Средневековая жизнь обладала особо напряженным пафосом. Стремления людей того времени не могут быть поняты вне обуревавшей всех страстности, опалявшей все стороны жизни.

«Хотя механизм государственного управления и хозяйствования к тому времени принимает довольно сложные формы, проекция государственной власти в народном сознании образует неизменные и простые конструкции… Королей как бы сводят к определенному числу типов, в большем или меньшем соответствии с тем или иным мотивом из рыцарских похождений или песен: благородный и справедливый государь; государь, введенный в заблуждение дурными советами; государь, мститель за честь своего рода; государь, попавший в несчастье и поддерживаемый преданностью своих подданных»[793]. Для народа политические вопросы упрощаются и сводятся к различным эпизодам из сказок. «Преданность государю носила по-детски импульсивный характер и выражалась в непосредственном чувстве верности и общности»[794].

Средневековое чувство справедливости все еще на три четверти оставалось языческим. Оно было твердым как камень в своей уверенности, что всякое деяние требует конечного воздаяния, и постоянно требовало отмщения. Церковь, пытаясь смягчить нравы, проповедовала мир, кротость и всепрощение, но чувство справедливости от этого не менялось. «Представление о том, что проступок требует искупления, постепенно утрачивалось, становясь не более чем идиллическим остатком прежней душевности, по мере того как все глубже укоренялось мнение, что преступление – это в равной степени и угроза для общества, и оскорбление божественного величия. Так, конец средневековья стал безумным, кровавым временем пыточного правосудия и судебной жестокости»[795]. Ни у кого не возникало ни малейшего сомнения, заслуживает или нет преступник вынесенного ему наказания. «В жестокости юстиции позднего Средневековья нас поражает не болезненная извращенность, но животное, тупое веселье толпы, которое здесь царит как на ярмарке»[796].

Средневековому человеку было свойственно чувство постоянной беззащитности. Он воспринимал свою жизнь как нескончаемое бедствие дурного правления, вымогательств, дороговизны, лишений, чумы, войны и разбоя. Война обычно принимала затяжные формы, города и деревни, постоянно подвергавшиеся нашествию всякого сброда, ощущали постоянную тревогу, вечно висела угроза стать жертвой жестокого и неправедного правосудия, а, помимо всего этого, еще и гнетущая боязнь адских мук, страх перед чертями и ведьмами. Если проследить по источникам тех времен судьбы отдельных людей, встанет картина бурных жизненных перемен: судебные процессы, распри, преступления, преследования, и так без конца. «Это злой мир. Повсюду вздымается пламя ненависти и насилия, повсюду – несправедливость: черные крыла сатаны покрывают тьмою всю землю. Люди ждут, что вот-вот придет конец света. Но обращения и раскаяния не происходит; церковь борется, проповедники и поэты сетуют и предостерегают напрасно»[797].
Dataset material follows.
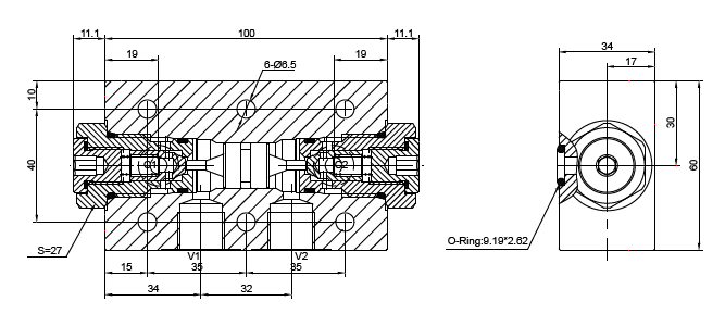 C1 到V1,C2 到V2 关闭. 在相反方向,V1 到C1, V2 到C2 打开。控制比为7:1, 所以在V1 口或V2 口的压力超过C1 口或

Жизнь в тоталитарном обществе по своей яркости и остроте во многом подобна жизни в средневековом обществе[798].

«В этих странах, – пишет Т. Арнольд о России и Германии 30-х гг., – революционные правительства умеют не только возбудить в своих народах необычайный энтузиазм, но и удерживать его на точке высшего напряжения. Применяемый ими метод не является рациональным: это – чередование униформ, салютов, марширующих ног и национальных игрищ»[799].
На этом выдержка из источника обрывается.